"Day of Atonement", Jay Rayner
There are times when you end up with a novel that confounds expectations. Tempted by a free promotion on it for Yom Kippur, Jay Rayner's Day of Atonement has been sitting on my phone for a while, and when, stuck for something to read on the tube, it was opened, I wasn't entirely sure what to expect.The last cookery novel I can recall reading (and I'm sure there's been something since) was going through Anthony Bourdain's Bone in the Throat and Gone Bamboo, which managed to be simultaneously entertaining and depressingly dark, so in terms of expectation management Rayner's Day of Atonement has a bit of baggage.
Starting with an elderly ex con on the contemporary Kent coast there's an initial feeling that we might be in Bourdain territory, but that's soon stripped away and we've got an engaging wide ranging rites of passage cultural narrative of London Jewish entrepreneurs through the 1970s, 80s, and 90s.

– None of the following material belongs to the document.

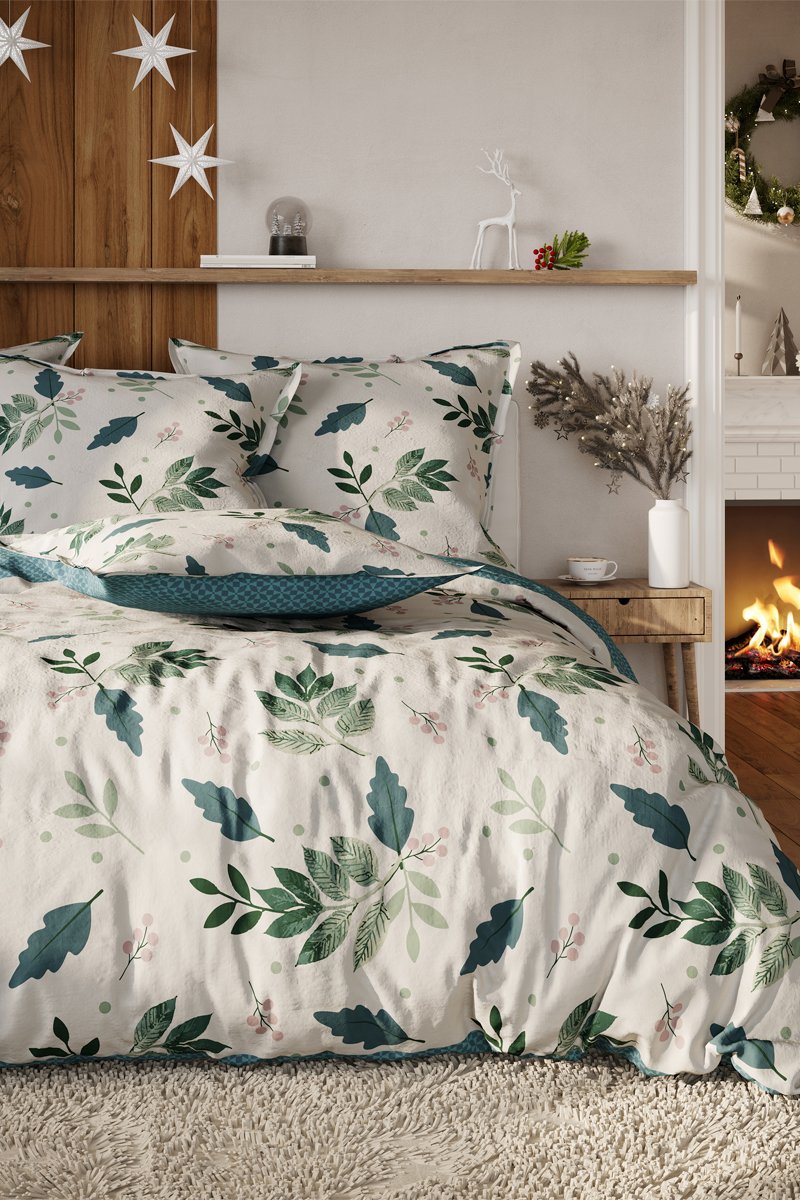 Parure copripiumino in flanella di cotone Gabriel - Bianco e verde

There's a rich sense of place and culture with the distinctive argot of London's Jewish community richly captured combining veracity and an ability to make you smile.
Deep down Day of Atonement isn't really a crime novel, but it's not one where the expected deeply bad things happen. Somehow while there are where you suspect it might be about to turn all a little bit Goodfellas it doesn't. People don't end up necessarily in a shallow grave, and a level of cocaine dependency in the 1970s shouldn't really come as a huge surprise to anyone.
So Day of Atonement was free, so I can't even ask a question of whether even as a discount purchase, was it worth it? But there is a more sophisticated question revolving around whether it rewarded my time and here happily things can be a lot more conclusive: of course it was. Mal and Solly become characters whose stories compel as they move from adolescence to old age, and while it is at heart a morality play, there is a sense of predominantly reasonable wholesome fun (even including Judy the Blow Job Queen) that suffuses the novel.
And yes, it does make clear that the epitome of a good and lavish party is making sure that you don't just have three, but four fishes served. This is probably a life lesson for all of us, gentile or otherwise.
Jay Rayner makes it clear that this is a pre 9/11 novel, a product thus of the very short 21st century where there was a window to see the world through something of a different lens, which gives Day of Atonement it's particular flavour. Try it, I think it's one you might relish, a little like chicken soup.